YOUR ASSIGNMENT: Could you copy exactly the lines from the one containing "ですがこの場所も8年前は、大" through the last line of the records, leaving out every picture?

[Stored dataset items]
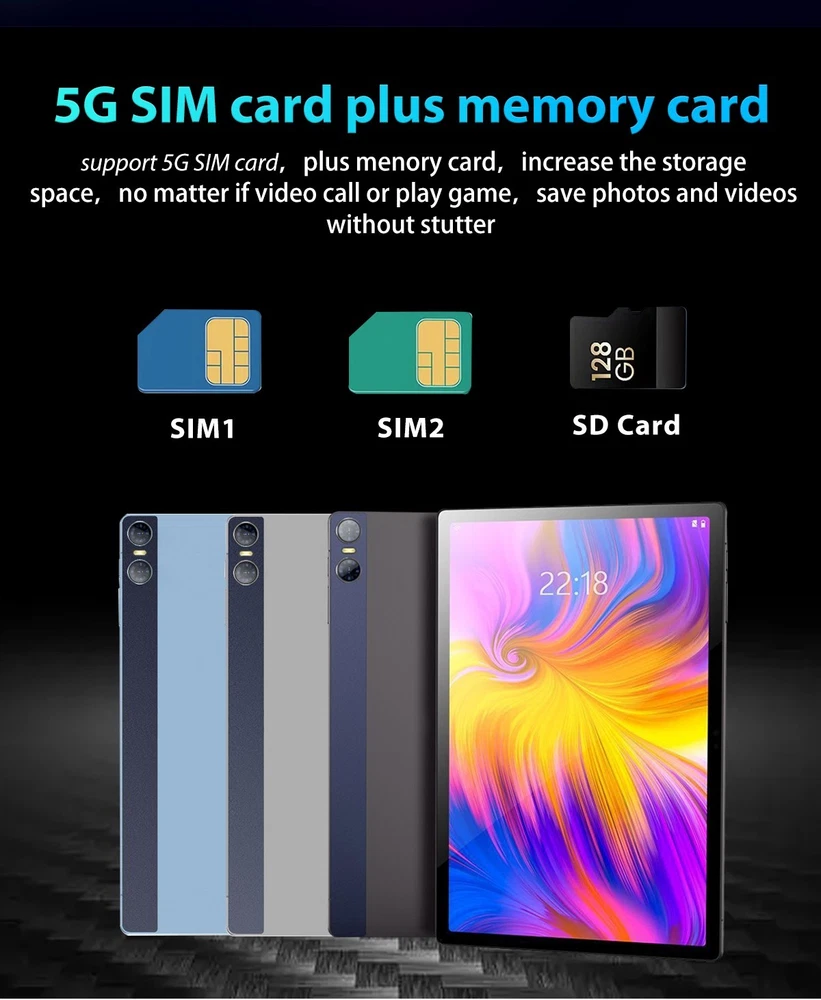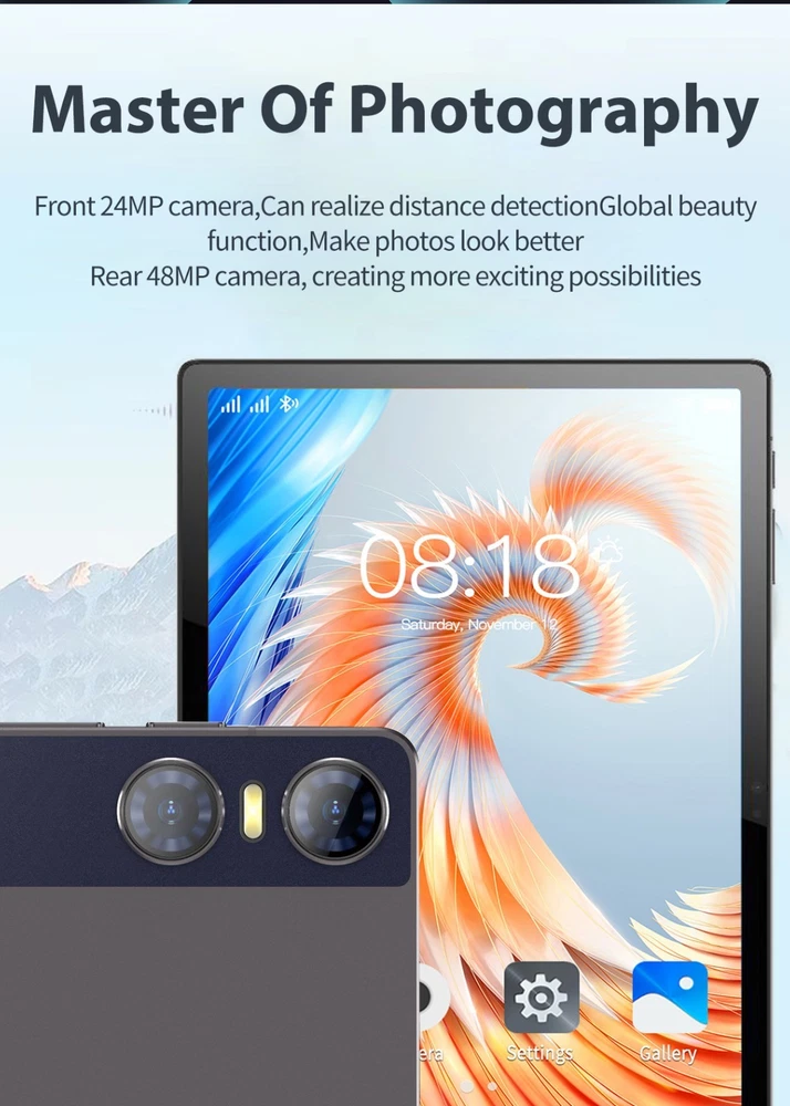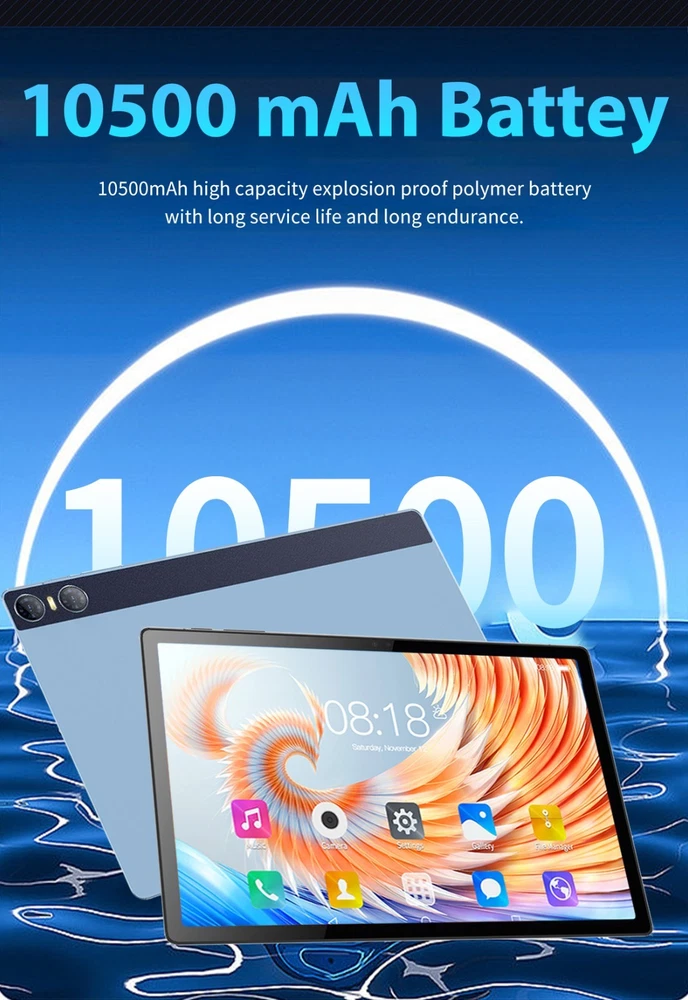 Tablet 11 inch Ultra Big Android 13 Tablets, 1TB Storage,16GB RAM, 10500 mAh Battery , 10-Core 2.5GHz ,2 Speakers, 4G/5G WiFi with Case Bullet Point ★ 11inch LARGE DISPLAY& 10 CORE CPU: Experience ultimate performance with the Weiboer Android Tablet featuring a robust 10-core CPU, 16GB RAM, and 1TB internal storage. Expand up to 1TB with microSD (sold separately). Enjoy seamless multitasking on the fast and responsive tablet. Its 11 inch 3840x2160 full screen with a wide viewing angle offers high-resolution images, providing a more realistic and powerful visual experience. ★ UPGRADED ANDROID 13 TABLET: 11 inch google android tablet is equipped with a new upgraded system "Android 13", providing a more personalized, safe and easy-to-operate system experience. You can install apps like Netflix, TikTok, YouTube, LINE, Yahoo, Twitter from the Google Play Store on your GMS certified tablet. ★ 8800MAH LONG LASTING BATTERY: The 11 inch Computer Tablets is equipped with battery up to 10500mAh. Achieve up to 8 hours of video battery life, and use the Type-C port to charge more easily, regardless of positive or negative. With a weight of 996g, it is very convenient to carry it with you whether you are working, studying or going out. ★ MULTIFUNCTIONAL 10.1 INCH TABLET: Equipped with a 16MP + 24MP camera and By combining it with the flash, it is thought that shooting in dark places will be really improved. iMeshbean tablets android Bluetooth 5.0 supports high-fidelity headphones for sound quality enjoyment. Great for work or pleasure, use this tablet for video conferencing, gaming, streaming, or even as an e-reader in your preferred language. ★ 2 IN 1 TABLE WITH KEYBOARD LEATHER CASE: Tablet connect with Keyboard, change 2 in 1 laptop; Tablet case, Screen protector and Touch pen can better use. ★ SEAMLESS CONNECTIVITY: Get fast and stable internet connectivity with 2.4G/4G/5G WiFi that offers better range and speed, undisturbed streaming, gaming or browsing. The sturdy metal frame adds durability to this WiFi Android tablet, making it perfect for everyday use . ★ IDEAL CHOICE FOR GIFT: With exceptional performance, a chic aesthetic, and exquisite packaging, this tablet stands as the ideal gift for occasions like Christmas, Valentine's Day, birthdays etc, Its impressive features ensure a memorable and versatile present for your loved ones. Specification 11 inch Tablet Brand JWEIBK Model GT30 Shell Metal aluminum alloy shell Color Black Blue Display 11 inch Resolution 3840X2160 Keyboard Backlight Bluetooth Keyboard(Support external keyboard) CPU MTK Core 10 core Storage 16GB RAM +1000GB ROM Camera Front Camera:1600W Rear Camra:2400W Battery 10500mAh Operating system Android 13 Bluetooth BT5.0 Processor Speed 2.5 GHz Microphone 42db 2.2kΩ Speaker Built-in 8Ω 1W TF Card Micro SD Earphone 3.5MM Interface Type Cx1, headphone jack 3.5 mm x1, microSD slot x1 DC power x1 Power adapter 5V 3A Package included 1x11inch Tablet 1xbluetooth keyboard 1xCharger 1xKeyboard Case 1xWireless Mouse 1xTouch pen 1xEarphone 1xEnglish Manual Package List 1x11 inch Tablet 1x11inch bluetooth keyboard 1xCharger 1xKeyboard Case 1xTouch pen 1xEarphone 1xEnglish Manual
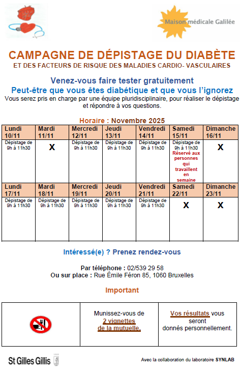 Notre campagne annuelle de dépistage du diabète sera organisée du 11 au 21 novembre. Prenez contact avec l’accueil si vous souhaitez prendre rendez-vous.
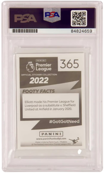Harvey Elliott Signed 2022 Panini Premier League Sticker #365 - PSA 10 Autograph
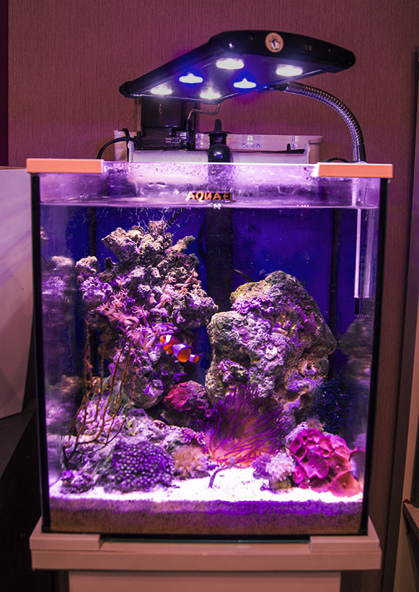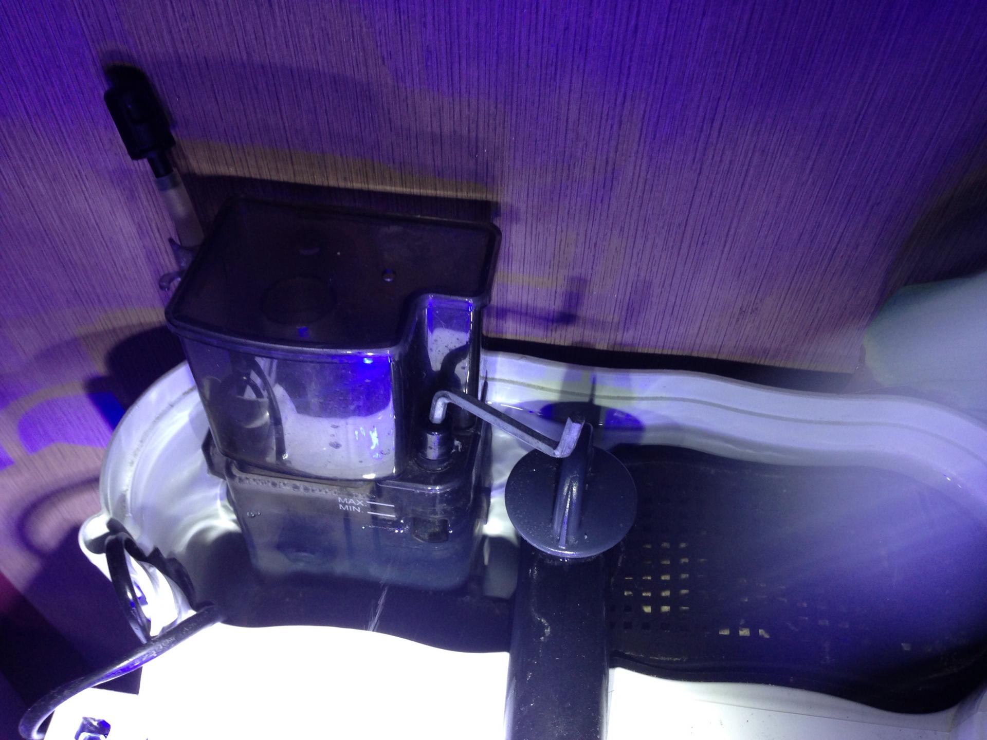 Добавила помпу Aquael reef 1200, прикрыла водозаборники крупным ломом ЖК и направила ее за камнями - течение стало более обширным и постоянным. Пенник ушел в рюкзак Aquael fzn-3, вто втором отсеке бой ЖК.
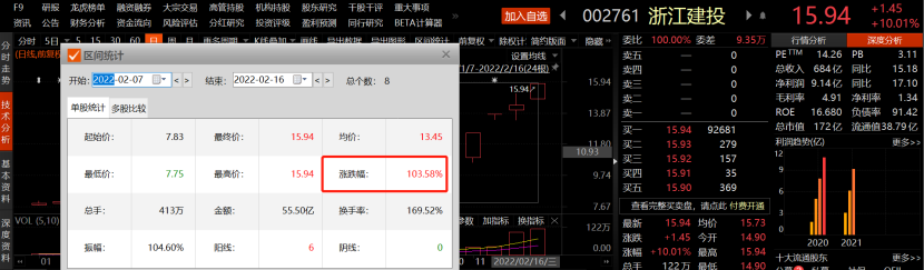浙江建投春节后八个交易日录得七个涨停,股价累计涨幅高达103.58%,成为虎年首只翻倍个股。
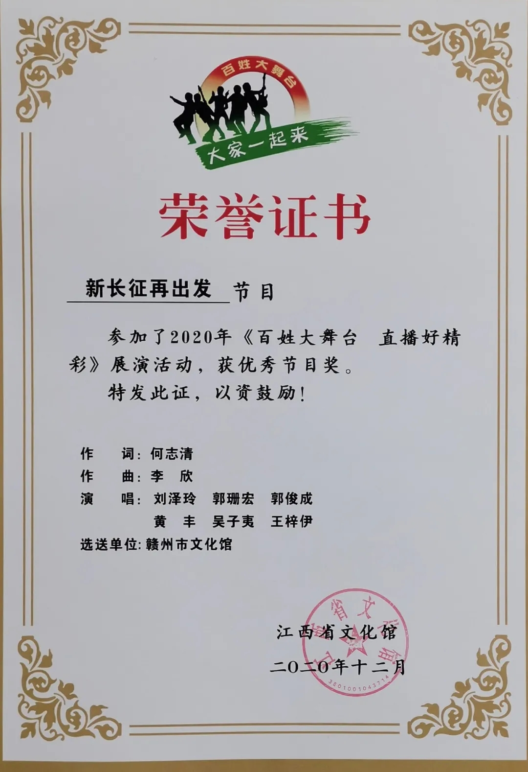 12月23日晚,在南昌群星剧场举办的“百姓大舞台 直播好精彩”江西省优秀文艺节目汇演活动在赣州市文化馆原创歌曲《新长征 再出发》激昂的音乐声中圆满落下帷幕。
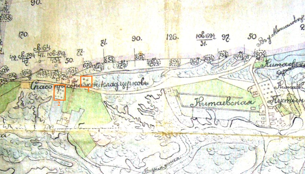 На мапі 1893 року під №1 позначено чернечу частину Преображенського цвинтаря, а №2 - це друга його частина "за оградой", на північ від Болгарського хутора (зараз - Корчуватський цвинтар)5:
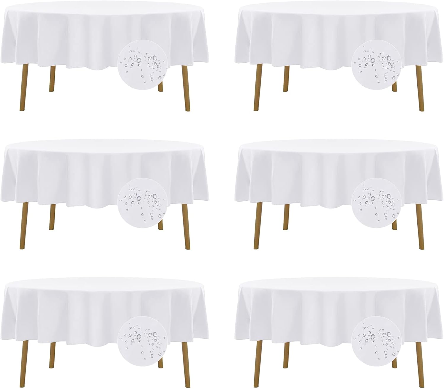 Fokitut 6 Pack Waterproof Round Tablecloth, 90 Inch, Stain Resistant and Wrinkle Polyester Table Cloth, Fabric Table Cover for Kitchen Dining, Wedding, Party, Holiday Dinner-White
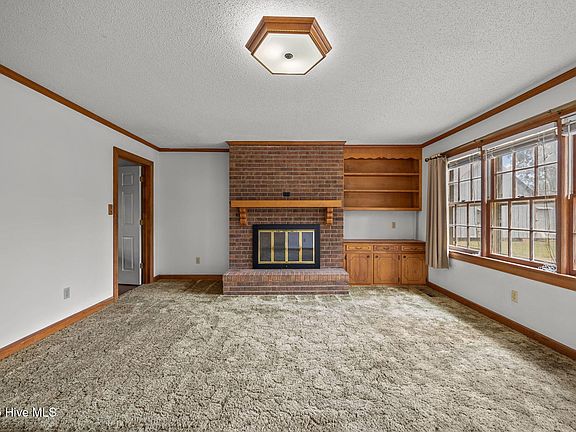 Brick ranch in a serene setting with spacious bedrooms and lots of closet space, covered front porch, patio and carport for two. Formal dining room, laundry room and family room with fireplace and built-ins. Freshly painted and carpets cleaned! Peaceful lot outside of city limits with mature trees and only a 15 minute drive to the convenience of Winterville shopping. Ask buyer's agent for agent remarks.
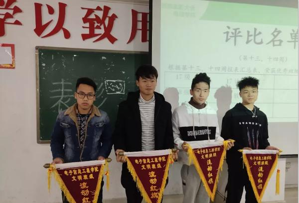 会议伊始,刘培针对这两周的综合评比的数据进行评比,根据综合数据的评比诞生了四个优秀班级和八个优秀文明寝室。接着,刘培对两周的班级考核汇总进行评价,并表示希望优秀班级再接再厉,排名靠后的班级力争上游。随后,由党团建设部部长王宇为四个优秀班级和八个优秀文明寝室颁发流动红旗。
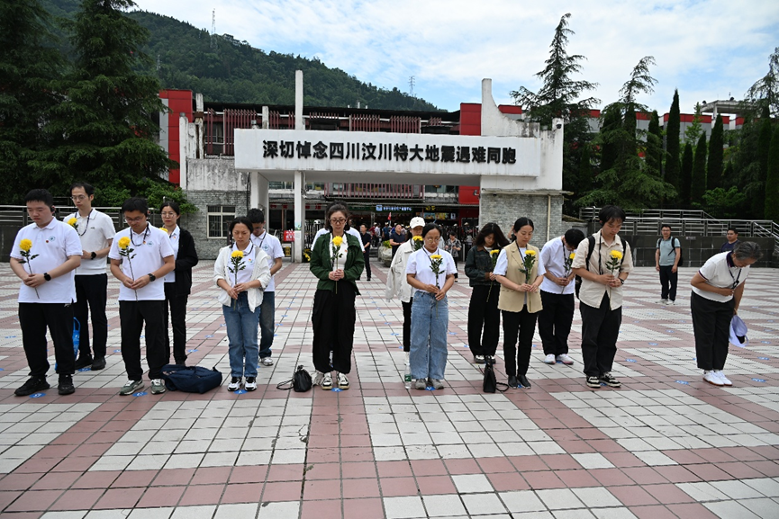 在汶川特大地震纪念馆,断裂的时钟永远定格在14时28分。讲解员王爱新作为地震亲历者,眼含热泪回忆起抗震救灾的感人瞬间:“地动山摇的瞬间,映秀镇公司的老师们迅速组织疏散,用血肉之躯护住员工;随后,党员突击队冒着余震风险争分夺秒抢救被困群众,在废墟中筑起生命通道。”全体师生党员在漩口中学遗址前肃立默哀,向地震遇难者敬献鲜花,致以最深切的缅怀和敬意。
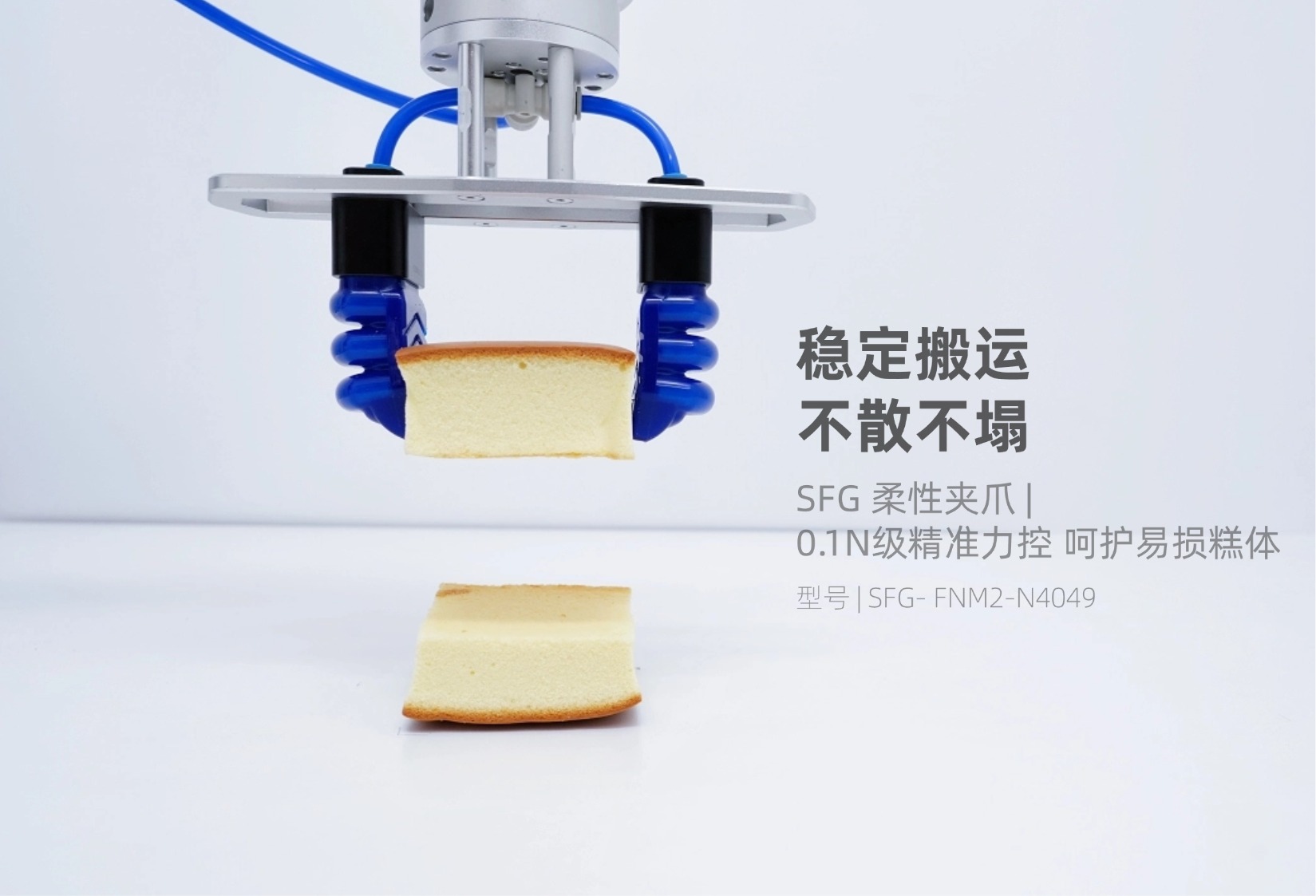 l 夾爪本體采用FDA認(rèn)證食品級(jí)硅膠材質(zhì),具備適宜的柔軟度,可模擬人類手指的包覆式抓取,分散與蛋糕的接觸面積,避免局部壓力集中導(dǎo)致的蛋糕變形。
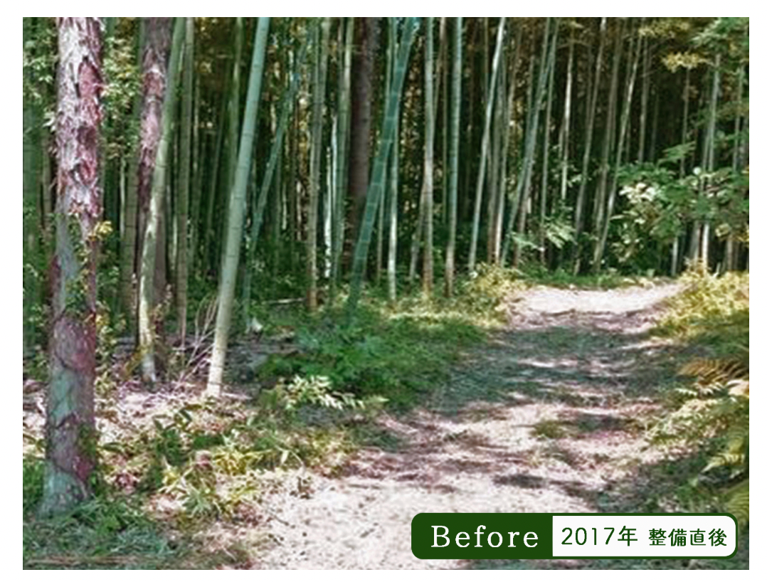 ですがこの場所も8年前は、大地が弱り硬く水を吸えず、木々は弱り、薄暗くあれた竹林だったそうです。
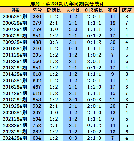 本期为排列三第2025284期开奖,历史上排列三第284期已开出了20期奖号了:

RESULT FOR THIS EXERCISE:
 ですがこの場所も8年前は、大地が弱り硬く水を吸えず、木々は弱り、薄暗くあれた竹林だったそうです。
 本期为排列三第2025284期开奖,历史上排列三第284期已开出了20期奖号了:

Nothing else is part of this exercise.